Proposed UK Temporary Residence Plan Clashes With Immigration Policy – Fragomen

Tom Burroughes Group Editor London 14 June 2024

Proposed UK Temporary Residence Plan Clashes With Immigration Policy – Fragomen

As the UK prepares to say goodbye to the non-dom system – and possibly many using that status as they head abroad – a law firm argues that a proposed replacement system is at odds with immigration policy.

The proposed end of the UK’s resident non-domicile (“non-dom”) system – a policy of both the Conservative and Labour parties – clashes with immigration policy, according to law firm Fragomen.

The immigration law firm weighed on a topic which, while it affects a few thousand people directly, has become a signature policy of politicians trying to push against what they claim are unfair tax perks for foreign-born HNW people. 

The UK is now in election mode, with polling due on 4 July.

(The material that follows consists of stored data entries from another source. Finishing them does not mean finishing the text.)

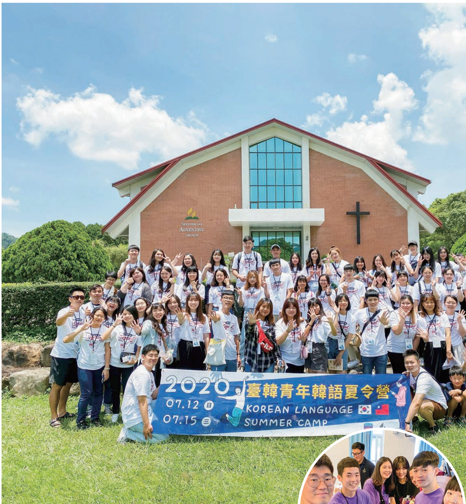
PCM missionaries from five churches in Taiwan held a Korean language camp meeting at Taiwan Adventist College Health Care Center, from July 12 to 15, 2020.
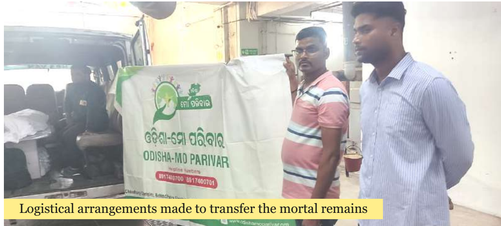
Logistical arrangements made to transfer the mortal remains
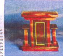
Galerie Alain Michelovici André SORNAY Buffet bar which transforms into a gaming table 4 "solitaires", 4 drawers, 2 fitted trays This bar serves and waiters server with steel table, solid walnut
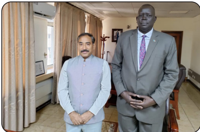
18.12.2022 - With Deputy Foreign Minister. Reviewed progress of bilateral relations and discussed avenues of cooperation during 2023.

16.12.2022 - Met the Central Equatoria State Minister of Housing to discuss issue of allotment of land to Indian community for Hindu temple and cremation ground. Issue of compensation for an Indian national was also followed up.
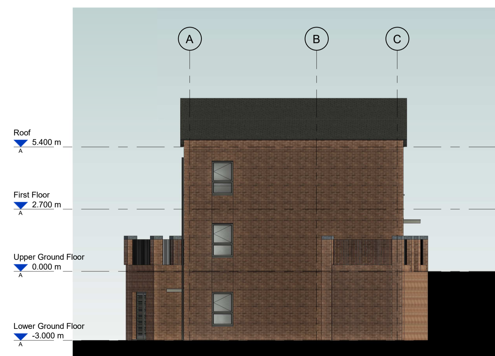
4 NORTH-WEST 1 : 100
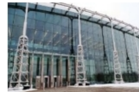
Preservation: Safekeeping our stories, ideas, and knowledge

Track switches and sidings seen from the rail overpass on Kennedy Road and a very tall communications tower. 🔗
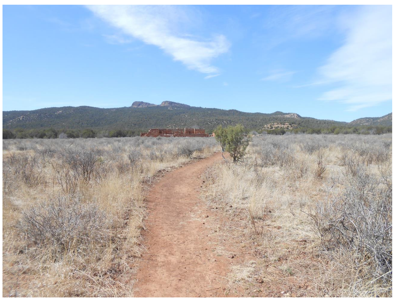
Fig. 3: Approaching the site from the parking lot, facing west (Alison Dunn, 3/17/14).
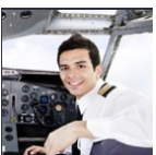
5 Careers That Ruin Your Health
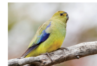
Blue-winged Parrot Neophema chrysostoma Size: 20-22cm Habitat: Saltbush
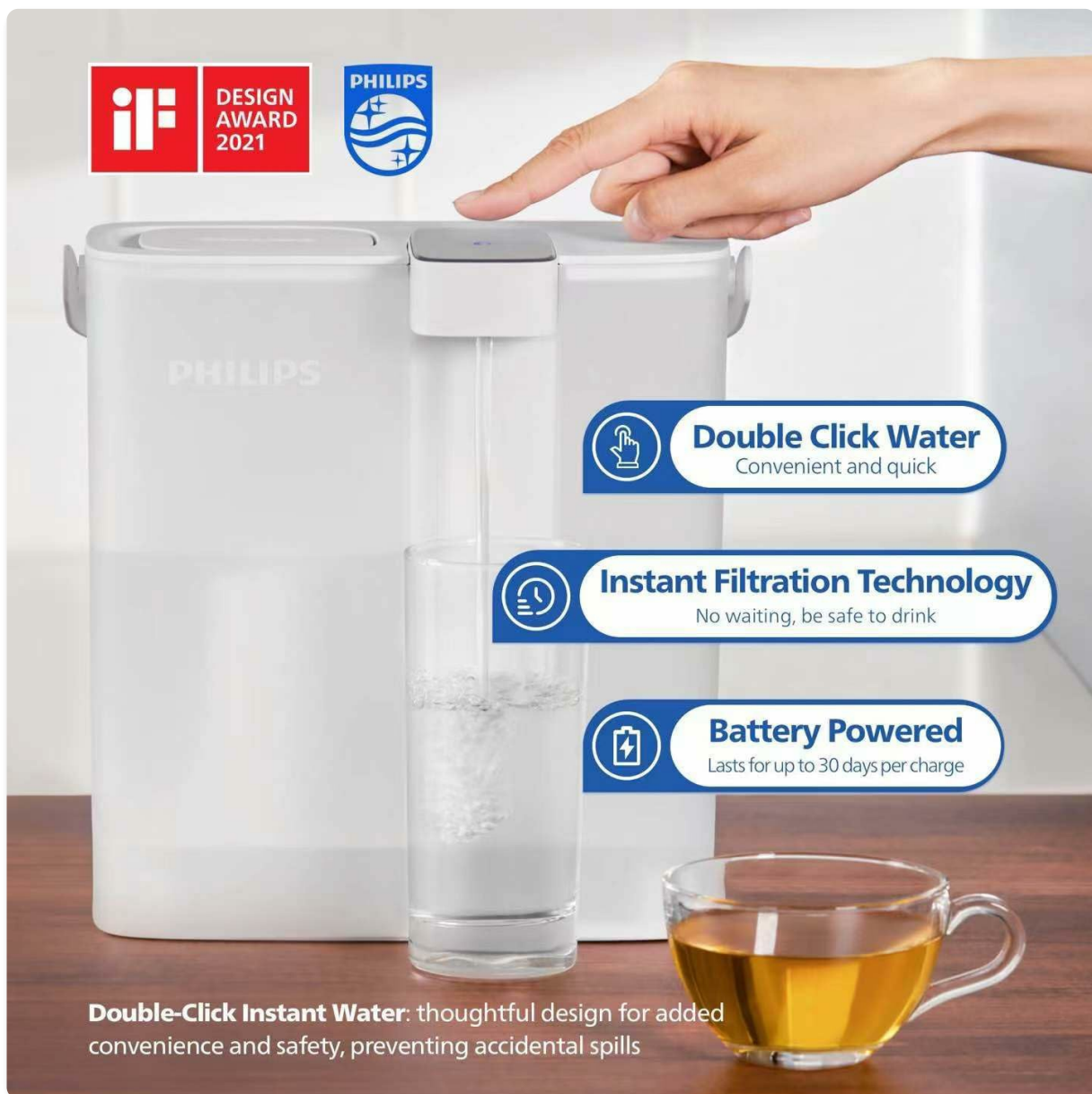
Image: Key features of the pitcher, including double-click dispensing and battery operation.
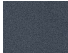
22-7003 Storm Grey
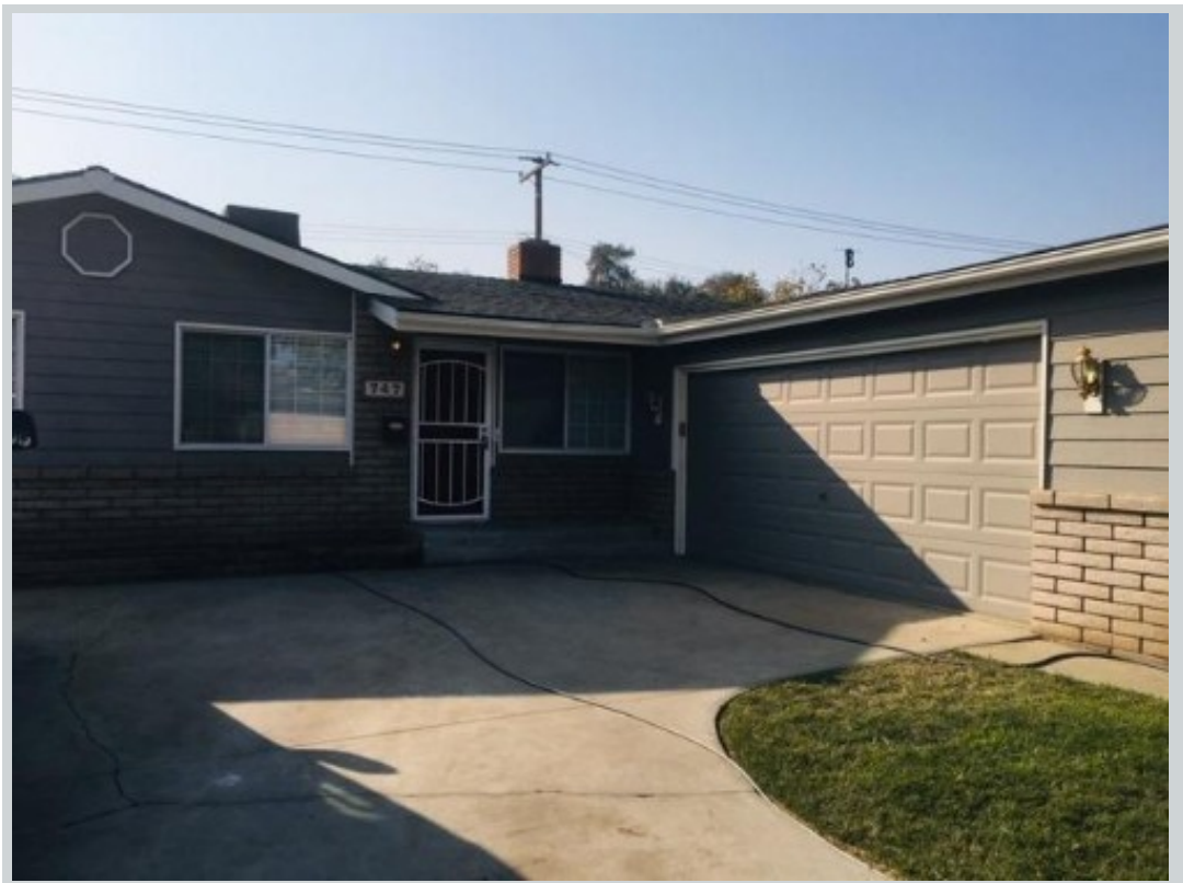
Listing Comp 2 747 E Myrtle Ave

Address 621 E Laurel Avenue, Visalia, CA 93292 Loan Number 36502 Suggested List $195,000 Suggested Repaired $195,000 Sale $195,000
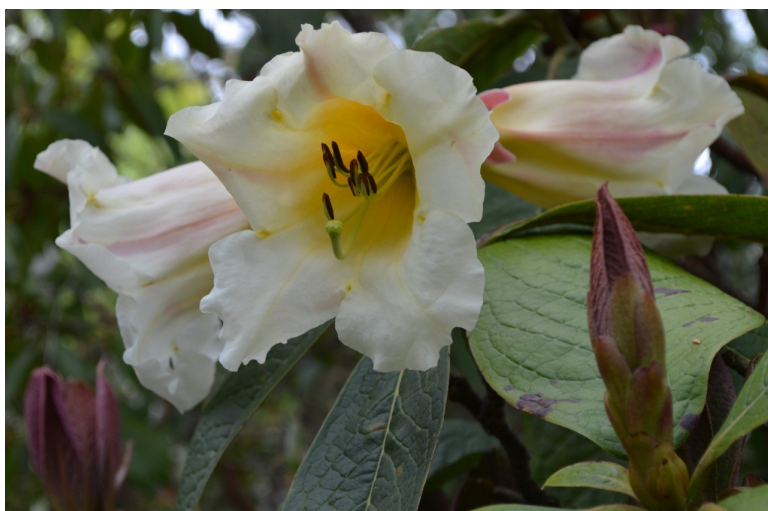
Rhododendron sinonuttalii Tannock Glen, 21 October 2014
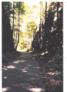
THE DEEP CUT BACKHAND GORGE 26
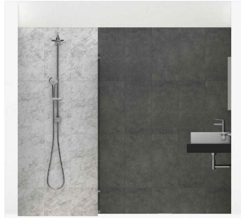
ELEVATION - C
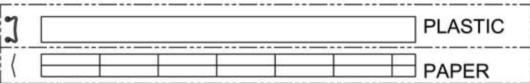
LABEL & HOLDER DETAIL

Labour retains a double-digit opinion poll lead, signalling a large majority in the House of Commons.

The Labour Party issued its election manifesto yesterday, reiterating its desire to end the non-dom system and include inheritance tax into any part of the equation, as well as change how private equity firms' earnings are taxed. The Conservative Party also issued its manifesto this week.

[Conservative] Chancellor of the Exchequer Jeremy Hunt in March said – in a move seen as stealing the Labour Party’s thunder – he would move to end a system dating back to 1799. Instead, he said he will bring in a temporary residency system in which people can bring foreign investment and gains into the UK tax-free for four years if they’ve lived outside the country for at least 10 years. 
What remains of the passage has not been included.